Reza pointed to President Mahmoud Ahmadinejad’s September trip to New York to attend the United Nations General Assembly, which generated controversy when it was revealed he traveled with a delegation of more than 100 people.
There has also been public disgust over claims in parliament that 750 luxury cars have been imported illegally this year with cheap dollars, which are supposed to be used for vital goods such as food and medicine.
“Why are they providing exchange for luxury cars and not for students who just want to study?” Reza asked. “These students want to go back to Iran and serve their country.”
Some students complain that the rial’s impact on their lives shows the sanctions have inflicted the most damage on young, middle-class, Western-oriented Iranians – a group which the U.S. and European governments should want to help.
“These sanctions are levied against the government but the government is not affected at all,” said Ahmad, an Iranian graduate student in Belgium.
“Only the people and society feel these pressures.”
There are signs that the students’ plight is adding to public discontent with Ahmadinejad, however.

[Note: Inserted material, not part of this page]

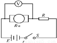 如图所示,一直流电动机(内阻R=2Ω)与一灯泡L(6V,6W)接在电路中,电源电动势ε=8V,内电阻r=1Ω。合上电键后灯泡恰好正常发光。

More than 2,000 Iranians studying abroad signed a letter to him protesting at the government’s policy toward students, the opposition news website Kalame reported in October.
A few dozen family members of students abroad demonstrated in front of the central bank last week and delivered a letter to officials inside, an organizer of the protest said.
The government has so far shown little sign of compromising, though officials recently indicated students would be able to buy dollars at a new “foreign exchange center” which serves importers of basic goods. Dollars sell there for around 25,000 rials, but businessmen have already complained of shortages.
Some Iranian students say the currency crisis has caused them to wonder whether they should return to Iran at all.
“When I left Iran, I swore I would go back,” said Hasan, who came to the United States in 2011 to study industrial engineering on a university scholarship. “Now it is less likely that I will return. There is no stability.”
Neda said if she manages to save enough money from her job as a photographer, she will try again to pursue her studies abroad, where she says the universities are better in her field than the ones at home.
“Before, I wanted to go abroad to study and come back to Iran,” she said. “But with the situation how it is right now, I would prefer to go to any other country.”